* _EXERCISE BRIEF_
Your answer must be only the lines below from the one containing "A3・横・本(縦方向に谷折り)にしてP1を表紙(P2-3は空白、P4が裏表紙)" through the one containing "denim fabric, feature", copied exactly, with the pictures left out.

* _EXERCISE DATA_
====================
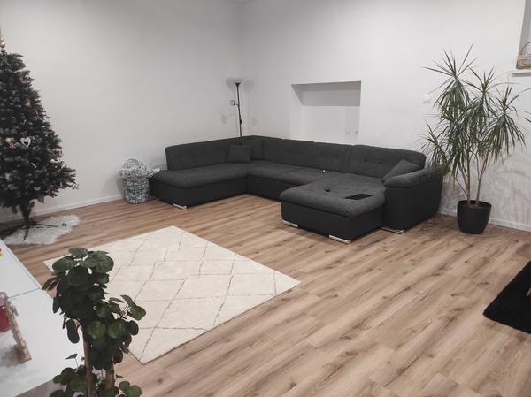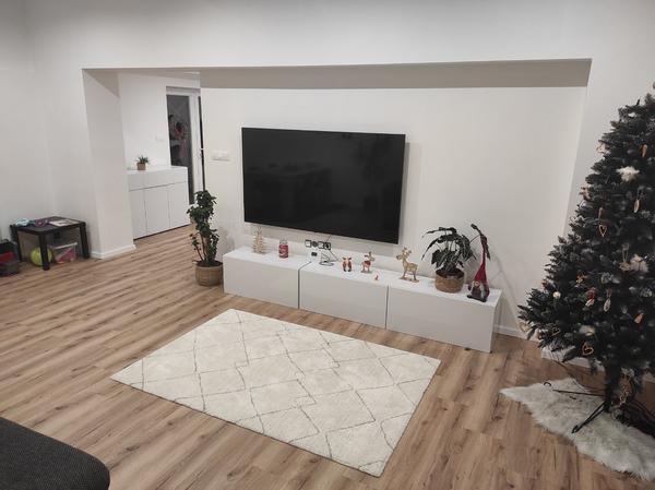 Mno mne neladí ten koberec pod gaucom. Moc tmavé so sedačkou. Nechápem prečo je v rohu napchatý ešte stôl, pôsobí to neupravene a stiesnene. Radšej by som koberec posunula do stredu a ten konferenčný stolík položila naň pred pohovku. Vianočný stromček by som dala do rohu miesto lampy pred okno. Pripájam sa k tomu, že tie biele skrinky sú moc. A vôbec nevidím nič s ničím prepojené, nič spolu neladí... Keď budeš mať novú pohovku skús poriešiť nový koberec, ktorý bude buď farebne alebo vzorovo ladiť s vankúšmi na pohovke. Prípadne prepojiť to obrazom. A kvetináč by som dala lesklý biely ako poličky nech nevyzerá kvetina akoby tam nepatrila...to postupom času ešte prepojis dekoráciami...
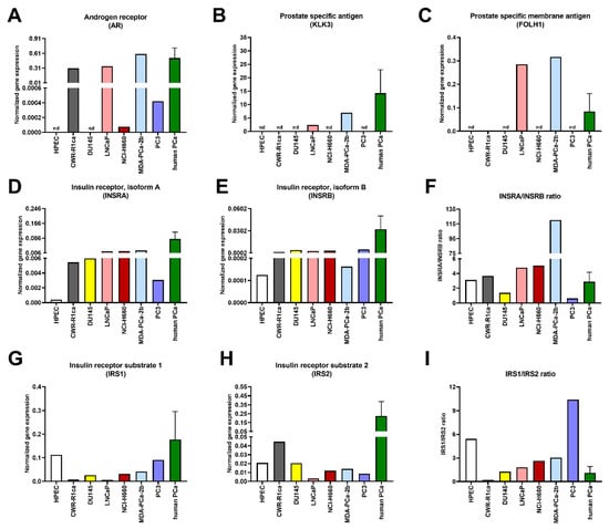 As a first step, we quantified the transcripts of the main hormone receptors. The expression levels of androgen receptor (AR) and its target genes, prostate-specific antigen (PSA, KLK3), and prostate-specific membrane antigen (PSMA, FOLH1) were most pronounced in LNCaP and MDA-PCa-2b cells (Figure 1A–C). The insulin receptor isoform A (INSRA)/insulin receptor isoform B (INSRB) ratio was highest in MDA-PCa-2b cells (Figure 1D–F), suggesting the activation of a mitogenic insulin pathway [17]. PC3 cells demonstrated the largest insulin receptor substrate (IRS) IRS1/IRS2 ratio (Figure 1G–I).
====================
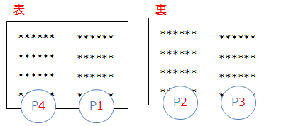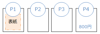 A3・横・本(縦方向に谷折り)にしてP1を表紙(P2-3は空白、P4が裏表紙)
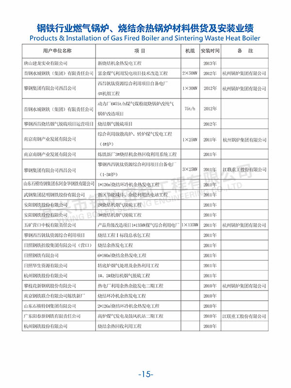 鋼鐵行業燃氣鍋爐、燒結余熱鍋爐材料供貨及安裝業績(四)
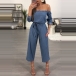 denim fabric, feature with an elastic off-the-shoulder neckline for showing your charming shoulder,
====================
* _EXERCISE ANSWER_
 A3・横・本(縦方向に谷折り)にしてP1を表紙(P2-3は空白、P4が裏表紙)
 鋼鐵行業燃氣鍋爐、燒結余熱鍋爐材料供貨及安裝業績(四)
 denim fabric, feature with an elastic off-the-shoulder neckline for showing your charming shoulder,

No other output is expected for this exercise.